Work to complete: All pictures are to be omitted while the lines starting at the line with "ترامب أثناء إلقاء" and ending at the line with "Dåpslue. Av rosa" in the material below are retyped exactly, both ends included.
===== Record excerpts
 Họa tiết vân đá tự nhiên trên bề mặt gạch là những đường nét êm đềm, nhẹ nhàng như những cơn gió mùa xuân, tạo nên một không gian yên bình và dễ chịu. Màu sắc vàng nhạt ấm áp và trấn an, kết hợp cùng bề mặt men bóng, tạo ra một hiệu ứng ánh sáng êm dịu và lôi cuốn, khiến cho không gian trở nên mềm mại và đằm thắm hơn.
==========
===== Record excerpts
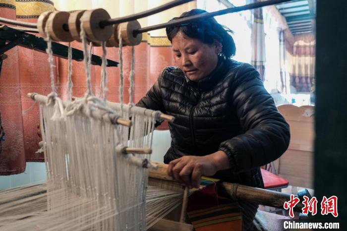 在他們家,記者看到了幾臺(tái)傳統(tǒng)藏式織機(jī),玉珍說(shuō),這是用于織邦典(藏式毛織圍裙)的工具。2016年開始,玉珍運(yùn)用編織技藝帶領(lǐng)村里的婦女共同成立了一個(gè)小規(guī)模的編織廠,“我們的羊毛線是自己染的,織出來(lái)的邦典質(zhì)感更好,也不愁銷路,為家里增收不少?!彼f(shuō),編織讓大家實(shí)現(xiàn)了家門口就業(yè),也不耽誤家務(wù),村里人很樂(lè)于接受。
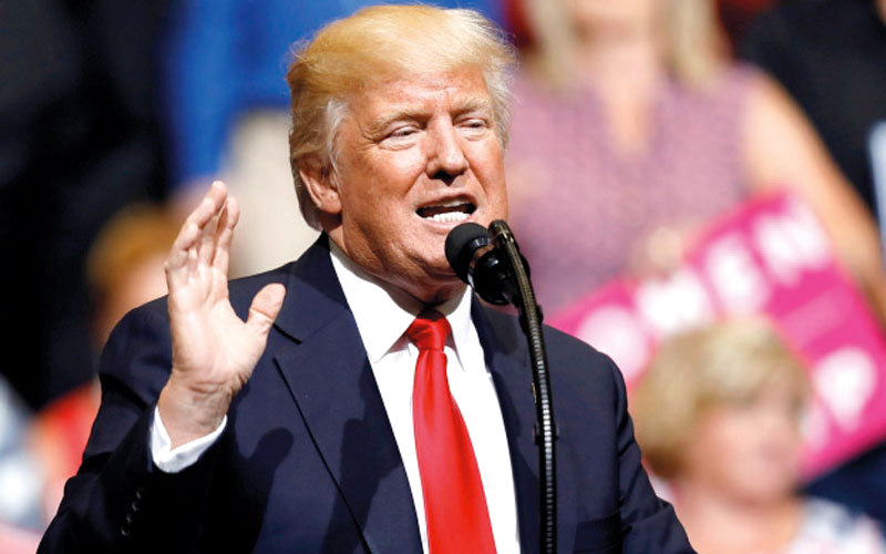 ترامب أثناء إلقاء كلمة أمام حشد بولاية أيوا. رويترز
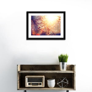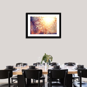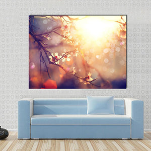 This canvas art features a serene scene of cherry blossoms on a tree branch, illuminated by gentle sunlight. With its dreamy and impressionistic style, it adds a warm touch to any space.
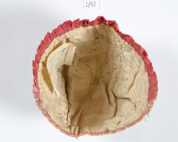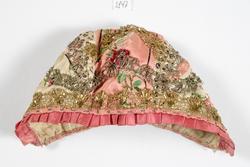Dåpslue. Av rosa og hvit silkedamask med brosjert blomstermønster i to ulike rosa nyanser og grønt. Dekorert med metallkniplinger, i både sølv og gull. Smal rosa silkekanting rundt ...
==========
===== Record excerpts
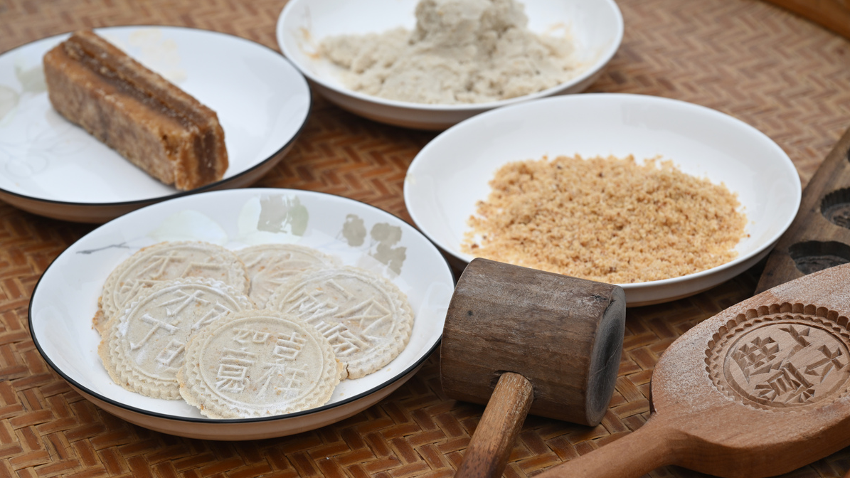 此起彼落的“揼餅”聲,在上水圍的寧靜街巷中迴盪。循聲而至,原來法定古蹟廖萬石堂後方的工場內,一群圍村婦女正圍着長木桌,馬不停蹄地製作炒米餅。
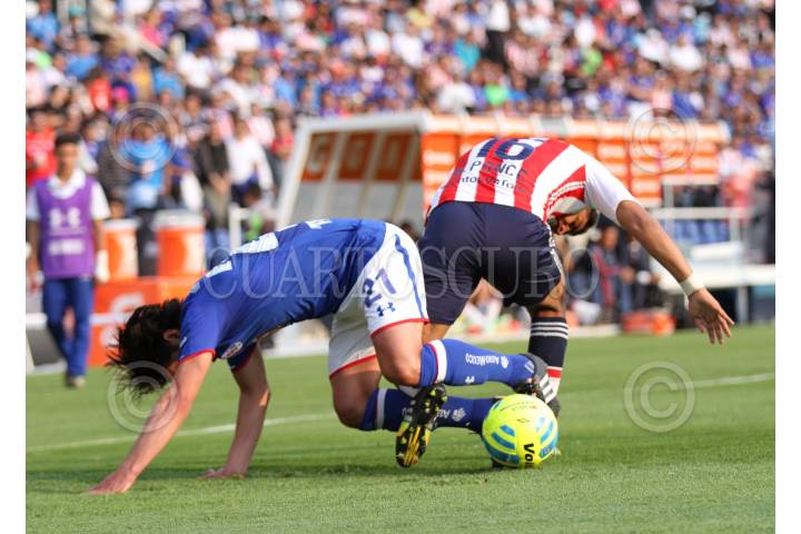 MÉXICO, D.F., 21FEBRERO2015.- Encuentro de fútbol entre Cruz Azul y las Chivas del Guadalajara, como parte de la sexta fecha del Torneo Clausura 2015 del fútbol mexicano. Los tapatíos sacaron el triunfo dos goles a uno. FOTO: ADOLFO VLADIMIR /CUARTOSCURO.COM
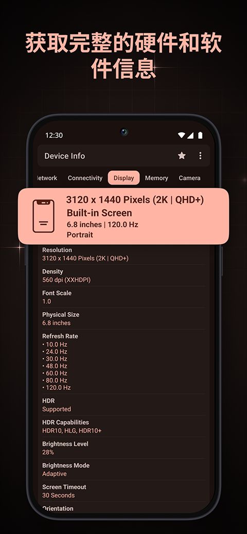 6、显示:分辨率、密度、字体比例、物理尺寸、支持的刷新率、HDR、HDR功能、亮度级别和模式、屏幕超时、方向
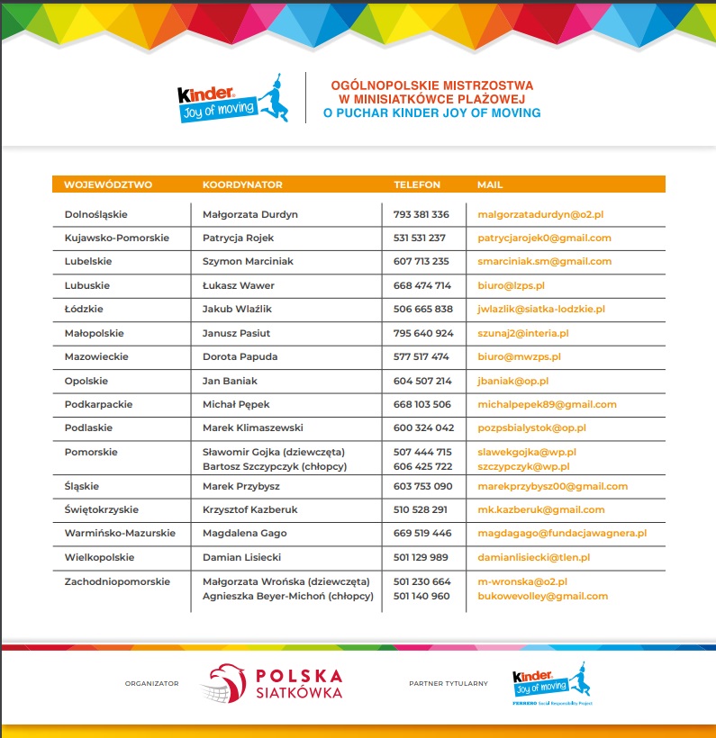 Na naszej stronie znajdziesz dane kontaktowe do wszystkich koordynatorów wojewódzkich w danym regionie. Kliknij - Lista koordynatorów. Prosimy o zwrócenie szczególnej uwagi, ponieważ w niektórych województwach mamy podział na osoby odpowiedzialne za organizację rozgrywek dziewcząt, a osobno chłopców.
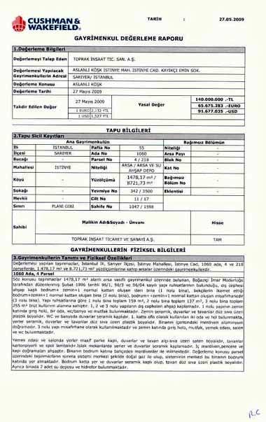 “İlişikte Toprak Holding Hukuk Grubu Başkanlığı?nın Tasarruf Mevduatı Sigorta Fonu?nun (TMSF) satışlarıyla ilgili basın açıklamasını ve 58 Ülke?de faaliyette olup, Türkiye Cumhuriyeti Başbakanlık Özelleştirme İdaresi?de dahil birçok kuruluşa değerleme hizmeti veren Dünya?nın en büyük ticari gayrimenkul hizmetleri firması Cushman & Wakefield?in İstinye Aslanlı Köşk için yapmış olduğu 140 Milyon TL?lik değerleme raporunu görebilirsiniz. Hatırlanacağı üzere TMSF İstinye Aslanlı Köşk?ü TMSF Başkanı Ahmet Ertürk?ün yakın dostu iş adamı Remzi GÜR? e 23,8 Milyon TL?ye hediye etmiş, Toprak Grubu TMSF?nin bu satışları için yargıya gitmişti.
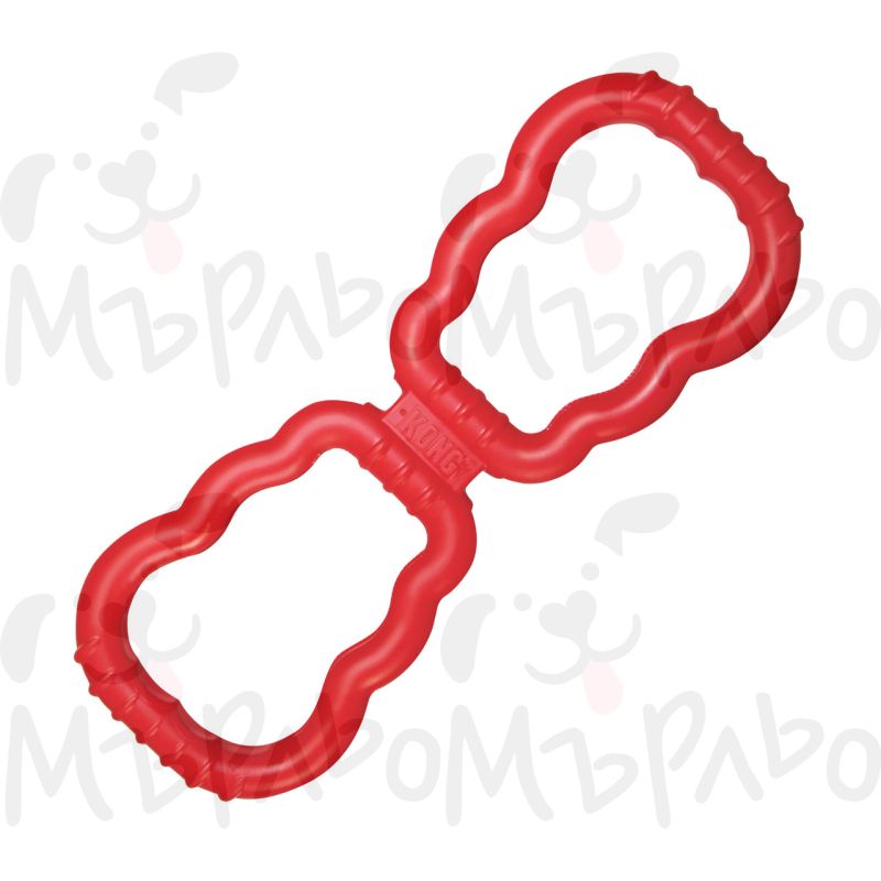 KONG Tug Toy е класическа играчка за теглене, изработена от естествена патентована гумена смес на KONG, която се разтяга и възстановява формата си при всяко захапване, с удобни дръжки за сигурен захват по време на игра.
==========
Answer to this problem:
 ترامب أثناء إلقاء كلمة أمام حشد بولاية أيوا. رويترز
 This canvas art features a serene scene of cherry blossoms on a tree branch, illuminated by gentle sunlight. With its dreamy and impressionistic style, it adds a warm touch to any space.
Dåpslue. Av rosa og hvit silkedamask med brosjert blomstermønster i to ulike rosa nyanser og grønt. Dekorert med metallkniplinger, i både sølv og gull. Smal rosa silkekanting rundt ...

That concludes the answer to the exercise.